The year is 1630 and we’re in Paris, where duelling often breaks out on the muddy streets and noblemen engage in complicated plotting to win the King’s favour. The Musketeers, BBC1’s latest swashbuckler has action aplenty and wonderful costumes – the men all wear floppy wide-brimmed hats like Joan Collins on a beach holiday – but what of the characters in them?

D’Artagnan, the earnest pup from rural Gascony, is played by Luke Pasqualino, best known as another earnest pup, Freddie from E4’s young person’s drama Skins. My, how he’s grown. In Skins, Freddie and his mates JJ and Cook jokingly referred to themselves as “the three Musketeers” and now Pasqualino really is one.

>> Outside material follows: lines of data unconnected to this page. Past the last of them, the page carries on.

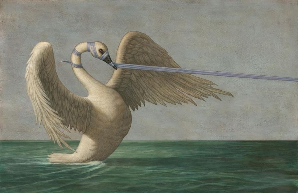 La elección de la ilustración de la portada fue una «feliz coincidencia» como dijo Paulina. En ella vemos a un cisne atado que está siendo atraído por una fuerza que permanece fuera de plano. Cuando leemos la información del libro en las primeras páginas vemos que el autor es Marc Burckhardt y que el título es Leda, en referencia al mito. Tiene un apartado en su página web dedicado exclusivamente a mitos.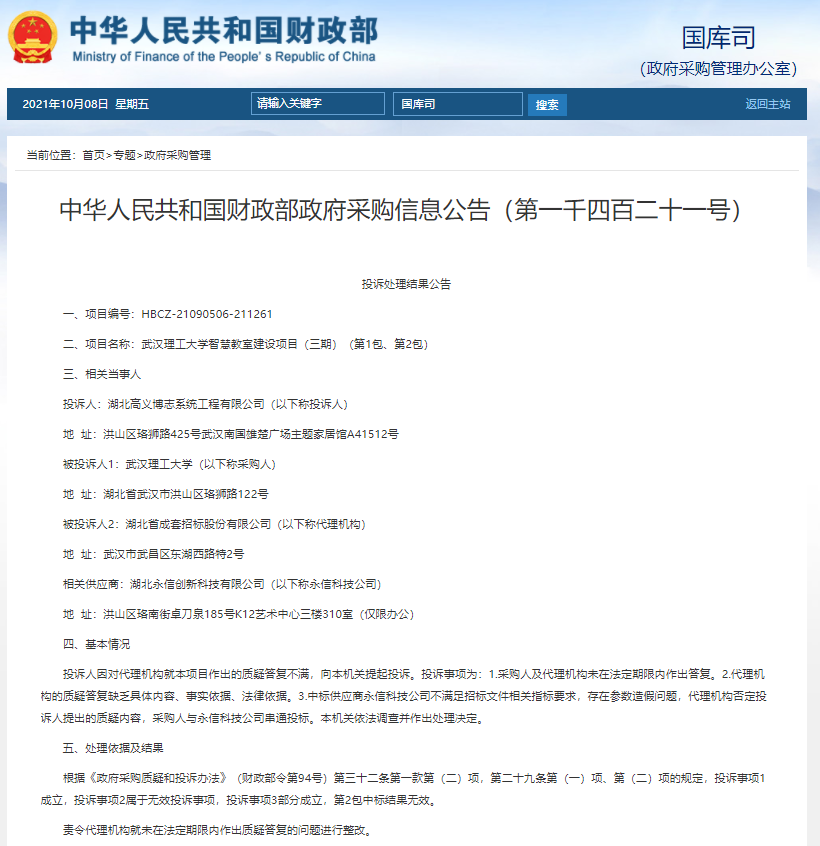 人民網(wǎng)武漢10月9日電 9月29日,財(cái)政部發(fā)布《中華人民共和國財(cái)政部政府采購信息公告(第一千四百二十一號(hào))》,對(duì)武漢理工大學(xué)智慧教室建設(shè)項(xiàng)目(三期)(第1包、第2包)被投訴事項(xiàng)做出公開答復(fù),認(rèn)定該項(xiàng)目第2包中標(biāo)結(jié)果無效,并責(zé)令代理機(jī)構(gòu)就未在法定期限內(nèi)作出質(zhì)疑答復(fù)的問題進(jìn)行整改。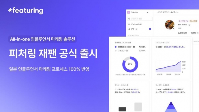 글로벌 SNS 데이터 분석 기업 피처링(대표 장지훈)이 일본 시장 공략을 위해 100% 현지화한 인플루언서 마케팅 솔루션 ‘피처링 재팬’을 출시했다고 밝혔다. 피...
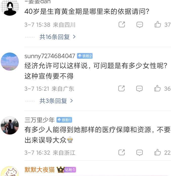 言论发酵后,网友们的观点彻底分化,每一种声音都裹挟着真切的情绪,藏着对“生育年龄”与“公众人物言论”的不同解读。一派网友全力支持李艾,直言“太通透了”,认为她打破了年龄对女性的绑架,“生育从来不是年轻人的专属,只要有准备、有条件,年龄从来不是阻碍”,还感慨李艾的勇气可嘉,“作为公众人物,敢于分享真实看法,不随波逐流,十分难得”。另一派网友则提出尖锐质疑,态度截然不同。有人直言“站着说话不腰疼”,认为李艾的观点脱离普通大众,“她有足够的财力保养身体,有精力照顾孩子,没有生活压力,自然能说出这样的话”,而普通女性40岁生育,要面临身体风险、育儿压力等诸多问题,根本无法像她一样从容。还有网友表示,作为公众人物,这样的言论可能会误导他人,“高龄生育的风险客观存在,不能轻易弱化,更不该传递‘40岁仍是黄金期’的片面观点”。

Well, almost. As in Dumas’ original novel, d’Artagnan is actually the unofficial fourth Musketeer. This adaptation by Adrian Hodges has him staying at an inn with his father, when they’re set upon by a man claiming to be a Musketeer. His father is murdered and d’Artagnan swears vengeance, which takes him to Paris, a less than salubrious boarding house (“use of the communal towel is free”) and, eventually, a meeting with the official three. These are Tom Burke (The Hour) as the group’s honourable leader Athos, Santiago Cabrera (Merlin) as ladeez’ man Aramis and newcomer Howard Charles as gambler Porthos.

If King Louis XIII of France put an ad in Le Jobcentre Plus seeking a new musketeer, the description would read something like this: “Must be willing to duel on the slightest pretence, clean fencing licence essential, experience in witty repartee preferred.” It’s according to the final criterion that this bunch fall short. They’re enthusiastic enough, but lack the necessary rakish charm to make cheating at cards, provoking duels and patronising women look like a proper job – never mind a noble one.

Peter Capaldi as the villain, on the other hand, is patently over-qualified. His character, Cardinal Richelieu, is not particularly threatening, only mildly debauched and occasionally devious. Capaldi must have been itching to launch a Tucker-style tirade at an underling. Unfortunately, it just wasn’t in the script.